Proof. Let L be the length of the shortest path between A and B. It's enough for us to find a procedure that allows to shorten the length of the shortest path between the robots on at least one cell. Then we can just apply this procedure at most L times and the length of the shortest path between the robots will be 0, i.e. they will be in the same cell.

The required procedure can work as follows. Let's make both robots move a shortest path from A to B. One of the robots (that starts at A) will certainly not encounter a wall during these moves. The other robot can encounter a wall, but as only his next move leads to a wall, the shortest distance between the robots becomes at least one cell smaller (the first robot comes a cell closer, while the second one stays in place), so we can stop the procedure immediately after this. If the other robot also never encounters a wall, it's possible that the length of the shortest path is still the same. If this is the case, let's make again both robots move a shortest path between them (note that this path is still the same as from A and B). Repeat moving the shortest path until the second robot encounters a wall.
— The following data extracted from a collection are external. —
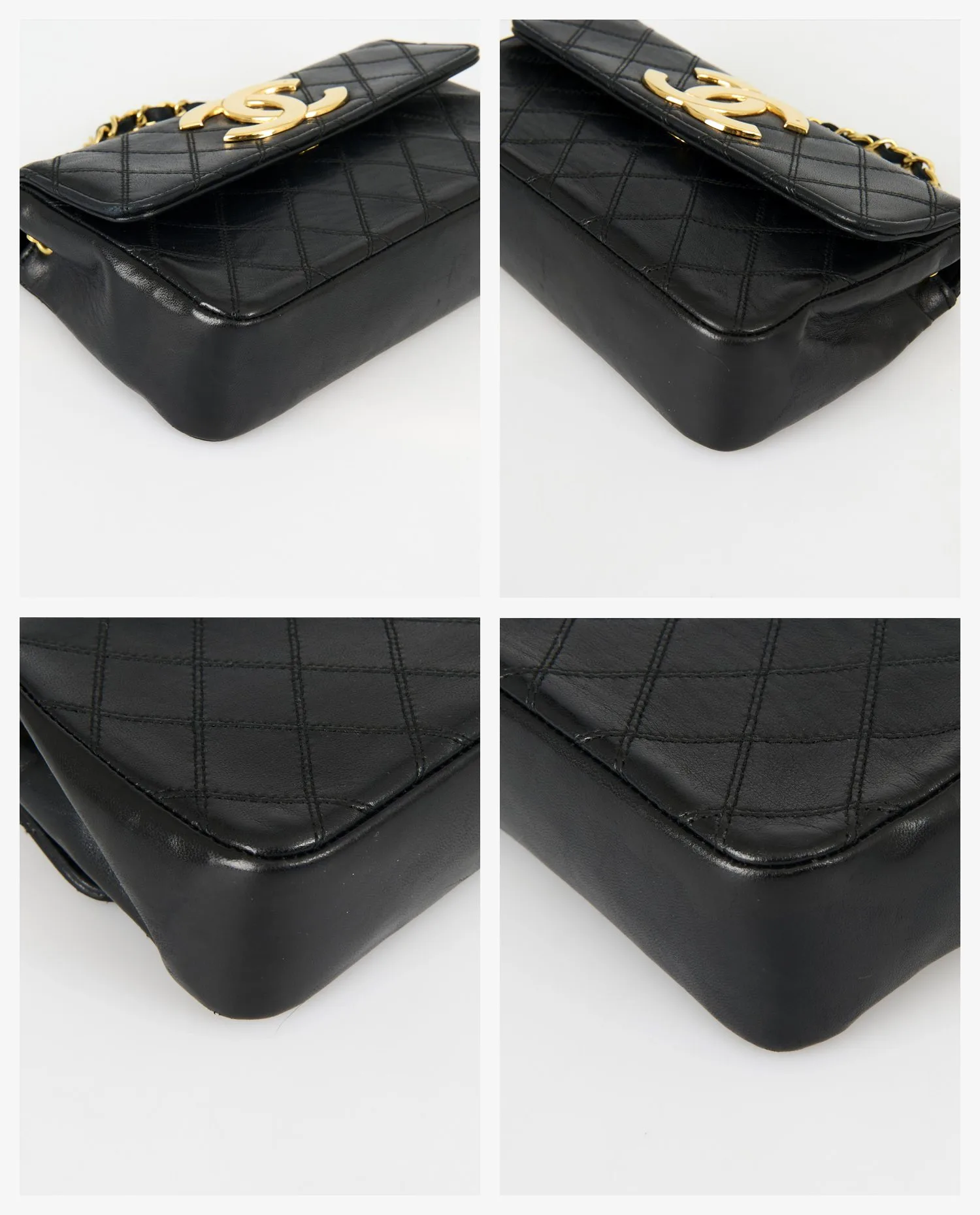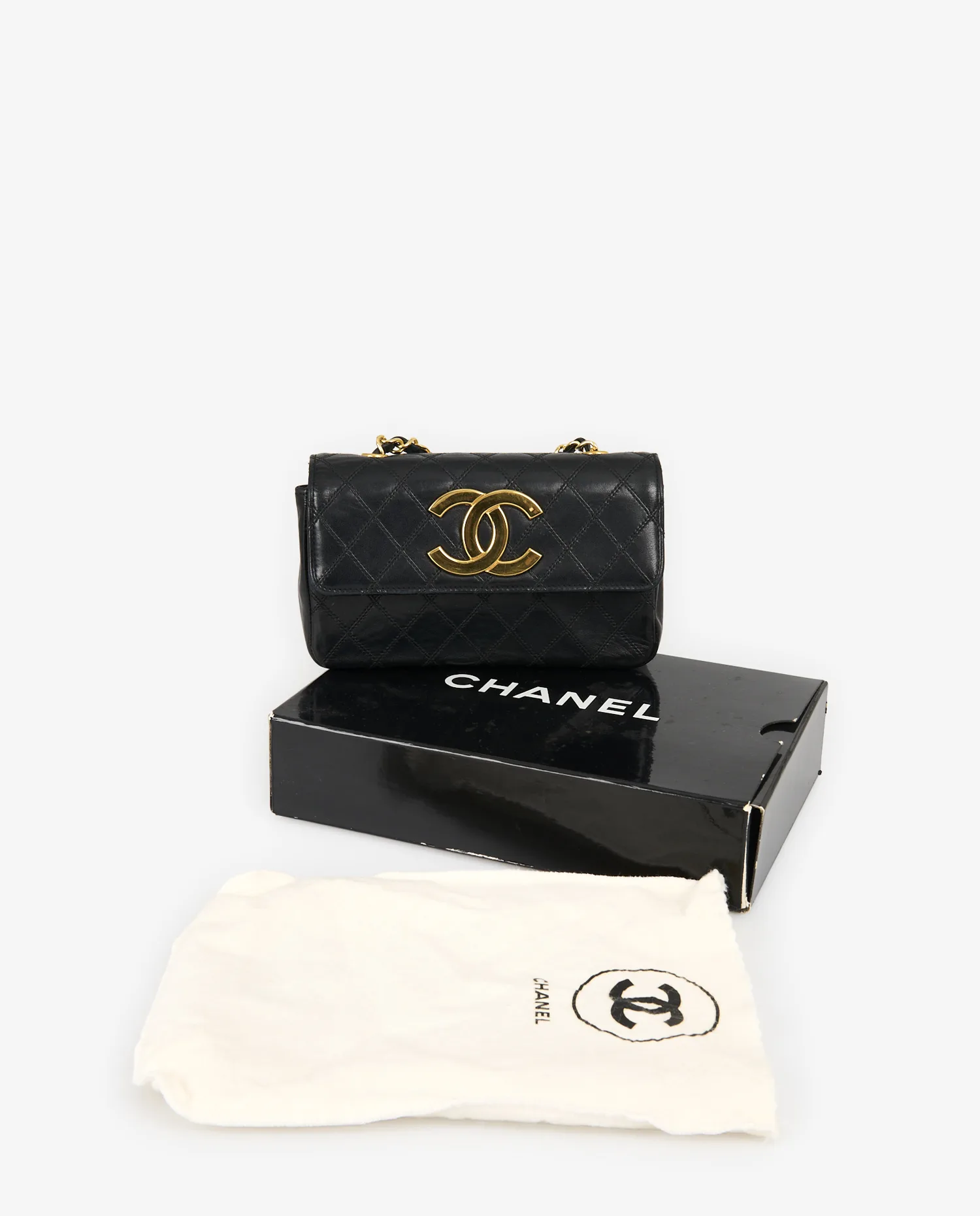Le sac est en très bon état vintage. Le cuir extérieur ne présente aucunes marques d’usage, ni aux coins et sur les tranches. Le logo doré conserve son éclat malgré de légères micro-rayures. La chaîne est en excellent état, sans oxydation notable. L’intérieur est propre et bien conservé, sans griffure ni tache apparente. Boîte et dustbag inclus.
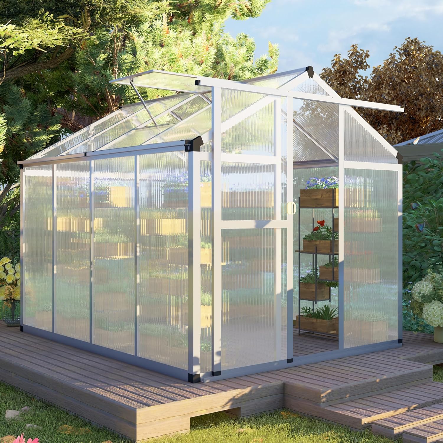 CQZY 6x8 FT Greenhouse for Outdoors,Walk-in Greenhouse for Outside,Silver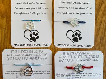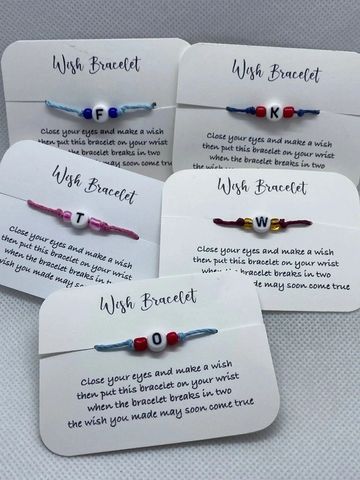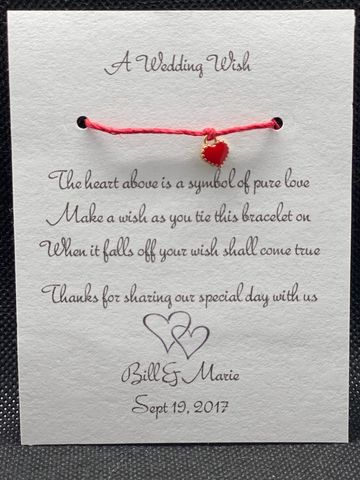 We can make custom cards to hand out to special occasion! You can choose colour of cord and we will find the perfect charm to go on your wish bracelets. Discounts for bulk orders .... let's chat.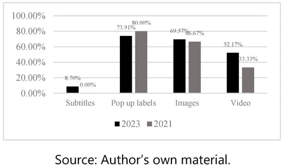 In the case of MediaWise, pop-up labels were used to emphasise the text, but subtitles were rarely used, as shown in Figure 4. MediaWise also relied on the use of images and videos to support their narrative, choices that followed an upward pattern in 2023. However, MediaWise did not show major differences between the resources used in 2021 and 2023.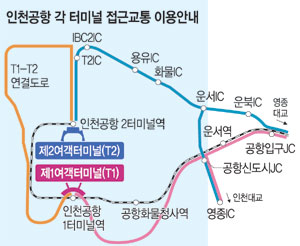 버스는 대부분 1터미널을 거쳐 2터미널에 도착한다. 다만, KAL 리무진과 한국도심공항 출발 8개 노선은 2터미널을 경유해 1터미널로 간다. 버스요금은 1, 2터미널 모두 같다. 공항철도는 모두 1터미널을 거쳐 2터미널에 도착한다. 편도 기준 2터미널 요금이 600원 더 비싸다. 두 구간 사이는 5.8㎞로 1터미널에서 내릴 때보다 6분 정도 더 걸린다.

Note that this procedure can't last forever, because the maze is finite and each time we move robots along the shortest path between them, we shift both of them on the same vector A->B. End of proof.

Java implementation that uses DFS is provided below.

public class ProgrammingRobots {
  int N, M;
  int[] dx = new int[] {-1,1,0,0};
  int[] dy = new int[] {0,0,-1,1};
  boolean[][] used;
  int cnt = 0;

  void dfs(String[] maze, int i, int j) {
    used[i][j]=true;
    if (maze[i].charAt(j)=='R') cnt++;
    for (int t=0; t<4; t++)
      if (i+dx[t]>=0 && i+dx[t]<N && j+dy[t]>=0 && j+dy[t]<M &&
          maze[i+dx[t]].charAt(j+dy[t]) != '#' && !used[i+dx[t]][j+dy[t]])
        dfs(maze, i+dx[t], j+dy[t]);
  }

  public int numberOfRobots(String[] maze) {
    this.N=maze.length; this.M=maze[0].length();
    used = new boolean[N][M];
    int res = 0;
    for (int i=0; i<N; i++)
      for (int j=0; j<M; j++)
        if (maze[i].charAt(j) != '#' && !used[i][j]) {
          cnt = 0;
          dfs(maze, i, j);
          if (cnt>res) res=cnt;
        }
    return res;
  }
}